- _What is being asked_
All pictures must be left out as you transcribe the lines from the first line of the data to the line containing "(お面をかぶってみて、きつい", both included.

- _Dataset entries_

________

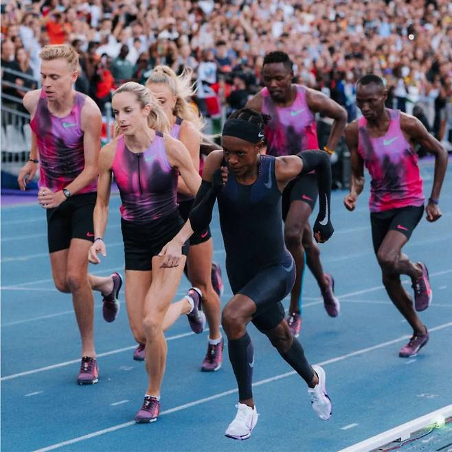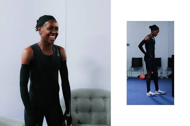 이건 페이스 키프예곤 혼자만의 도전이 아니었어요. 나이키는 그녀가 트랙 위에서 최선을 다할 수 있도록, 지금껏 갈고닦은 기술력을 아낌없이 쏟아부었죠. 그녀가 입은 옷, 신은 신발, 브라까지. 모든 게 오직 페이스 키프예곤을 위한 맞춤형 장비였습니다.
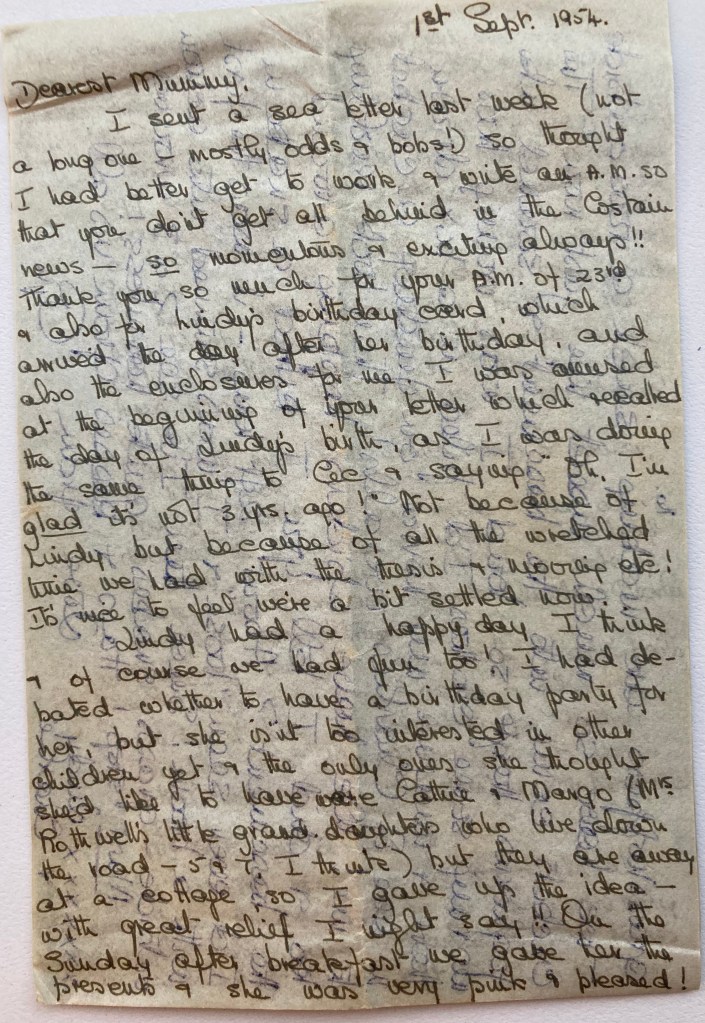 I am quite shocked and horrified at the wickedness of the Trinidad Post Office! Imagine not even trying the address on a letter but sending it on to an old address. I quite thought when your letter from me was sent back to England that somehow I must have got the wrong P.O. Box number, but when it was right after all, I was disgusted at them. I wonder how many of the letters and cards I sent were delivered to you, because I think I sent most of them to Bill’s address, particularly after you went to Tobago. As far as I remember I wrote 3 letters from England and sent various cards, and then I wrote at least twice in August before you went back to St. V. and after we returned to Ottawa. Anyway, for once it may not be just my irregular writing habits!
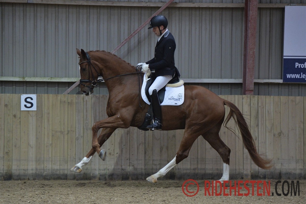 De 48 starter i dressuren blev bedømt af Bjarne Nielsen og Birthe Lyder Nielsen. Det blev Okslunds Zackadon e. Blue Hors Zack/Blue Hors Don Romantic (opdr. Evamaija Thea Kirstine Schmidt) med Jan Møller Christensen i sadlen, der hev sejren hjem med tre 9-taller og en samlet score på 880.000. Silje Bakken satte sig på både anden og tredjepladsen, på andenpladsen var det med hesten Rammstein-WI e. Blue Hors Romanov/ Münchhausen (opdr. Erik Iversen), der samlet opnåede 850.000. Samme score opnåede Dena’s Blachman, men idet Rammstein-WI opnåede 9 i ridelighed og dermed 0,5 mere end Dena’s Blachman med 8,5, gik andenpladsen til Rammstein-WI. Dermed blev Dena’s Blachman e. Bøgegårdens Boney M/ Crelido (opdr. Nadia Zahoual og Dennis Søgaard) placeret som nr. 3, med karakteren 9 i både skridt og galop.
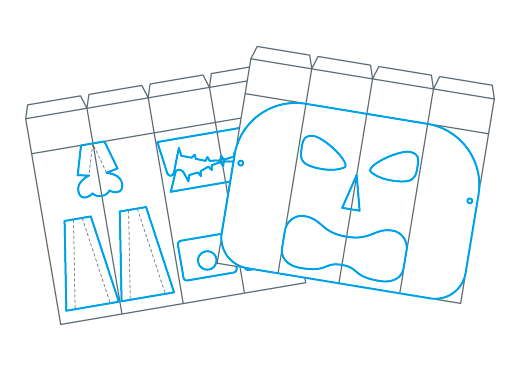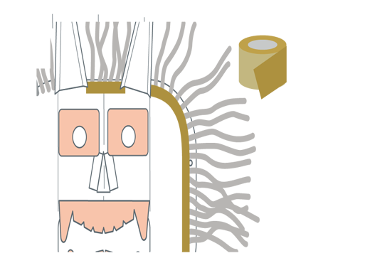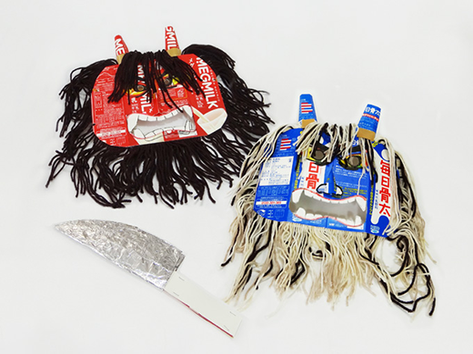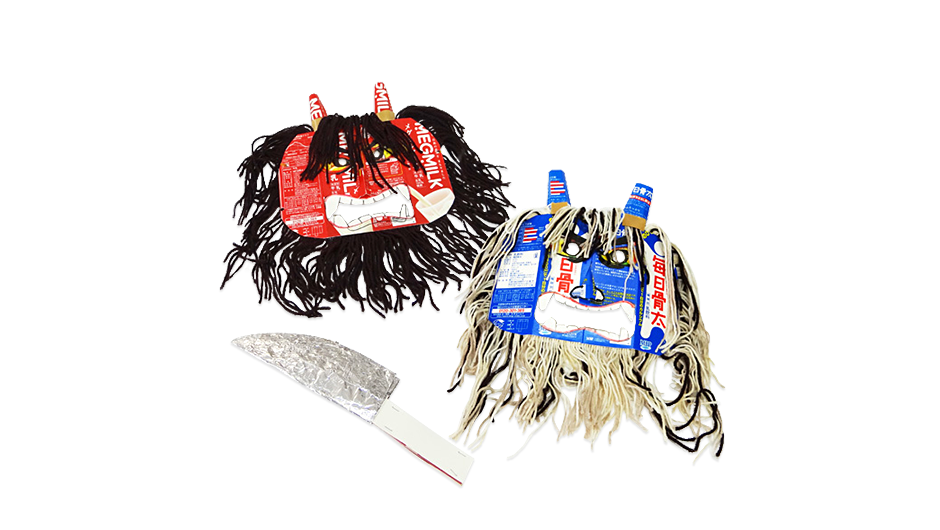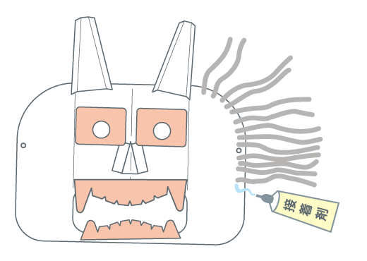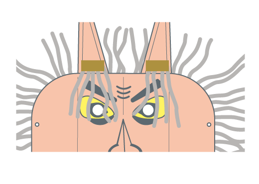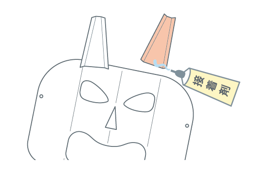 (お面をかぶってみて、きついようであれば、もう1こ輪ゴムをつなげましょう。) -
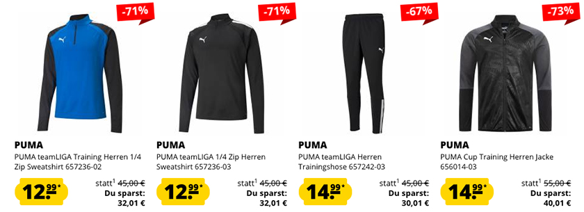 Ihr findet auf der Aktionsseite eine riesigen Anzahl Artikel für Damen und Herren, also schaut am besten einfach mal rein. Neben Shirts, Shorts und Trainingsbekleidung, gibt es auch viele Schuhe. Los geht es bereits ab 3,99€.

________

- _Expected answer_
 이건 페이스 키프예곤 혼자만의 도전이 아니었어요. 나이키는 그녀가 트랙 위에서 최선을 다할 수 있도록, 지금껏 갈고닦은 기술력을 아낌없이 쏟아부었죠. 그녀가 입은 옷, 신은 신발, 브라까지. 모든 게 오직 페이스 키프예곤을 위한 맞춤형 장비였습니다.
 I am quite shocked and horrified at the wickedness of the Trinidad Post Office! Imagine not even trying the address on a letter but sending it on to an old address. I quite thought when your letter from me was sent back to England that somehow I must have got the wrong P.O. Box number, but when it was right after all, I was disgusted at them. I wonder how many of the letters and cards I sent were delivered to you, because I think I sent most of them to Bill’s address, particularly after you went to Tobago. As far as I remember I wrote 3 letters from England and sent various cards, and then I wrote at least twice in August before you went back to St. V. and after we returned to Ottawa. Anyway, for once it may not be just my irregular writing habits!
 De 48 starter i dressuren blev bedømt af Bjarne Nielsen og Birthe Lyder Nielsen. Det blev Okslunds Zackadon e. Blue Hors Zack/Blue Hors Don Romantic (opdr. Evamaija Thea Kirstine Schmidt) med Jan Møller Christensen i sadlen, der hev sejren hjem med tre 9-taller og en samlet score på 880.000. Silje Bakken satte sig på både anden og tredjepladsen, på andenpladsen var det med hesten Rammstein-WI e. Blue Hors Romanov/ Münchhausen (opdr. Erik Iversen), der samlet opnåede 850.000. Samme score opnåede Dena’s Blachman, men idet Rammstein-WI opnåede 9 i ridelighed og dermed 0,5 mere end Dena’s Blachman med 8,5, gik andenpladsen til Rammstein-WI. Dermed blev Dena’s Blachman e. Bøgegårdens Boney M/ Crelido (opdr. Nadia Zahoual og Dennis Søgaard) placeret som nr. 3, med karakteren 9 i både skridt og galop.
 (お面をかぶってみて、きついようであれば、もう1こ輪ゴムをつなげましょう。) -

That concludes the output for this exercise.